- Born: June 29, 1949 (age 76) Leeds, England
- Occupation: Artist
- Notable work: The Table: Childhood Robotic Chair

= Max Dean (artist) =

Canadian multidisciplinary artist

Max Dean (born June 29, 1949) is a Canadian multidisciplinary artist.

==Life==
Dean was born June 29, 1949, in Leeds, England. He immigrated to Canada with his family in 1952, settling in Vancouver.

==Work==
In the late 1970s and 1980s, Dean did multimedia performances involving his body in conjunction with sound, photography and other media. Dean's Telephone Project (1982) was an installation that allowed up to 16 persons to talk on a telephone line.

Since the 1980s, Dean has become known for his installations that use robotics and electronics to achieve artistic effects. His work As Yet Untitled (1992–1995) involves a robotic arm that presents generic family photos to the viewer, who must act to prevent the photo from being immediately shredded.

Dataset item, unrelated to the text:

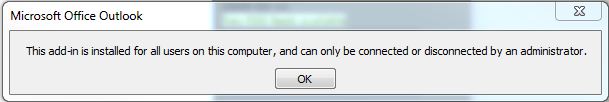 Trying to remove the add-on from the Tools > Trust center > Add-ins > Manage: COM Add-ins [ Go ] created the following error.

The piece received extensive press and critical coverage and was acquired by the Art Gallery of Ontario.

Dean has collaborated extensively with Cornell University professor of mechanical and aerospace engineering Raffaello D'Andrea. Between 2003 and 2006 they collaborated with Canadian artist Matt Donovan to create the installation work Robotic Chair, a chair that falls apart and puts itself back together again without human intervention. Dean also collaborated with D'Andrea on the work The Table: Childhood, which was included in the Arsenale section of the 2001 Venice Biennale.

He is the subject of Katherine Knight's 2021 documentary film Still Max. In 2022, the Portrait Gallery of Canada organized Max Dean: Portrait of the Artist as Artist, an online exhibition curated by Ann Thomas as guest curator.

==Collections==
Dean's work is included in several museum collections, including the National Gallery of Canada and the Vancouver Art Gallery. His piece As Yet Untitled is part of the permanent collection of the Art Gallery of Ontario.

==Awards==
In 1997, Dean received the Jean A. Chalmers National Visual Arts Award from the Ontario Arts Council. In 2005, Dean received the Gershon Iskowitz prize from the Art Gallery of Ontario. In 2014, he was a recipient of the Governor General's Awards in Visual and Media Arts.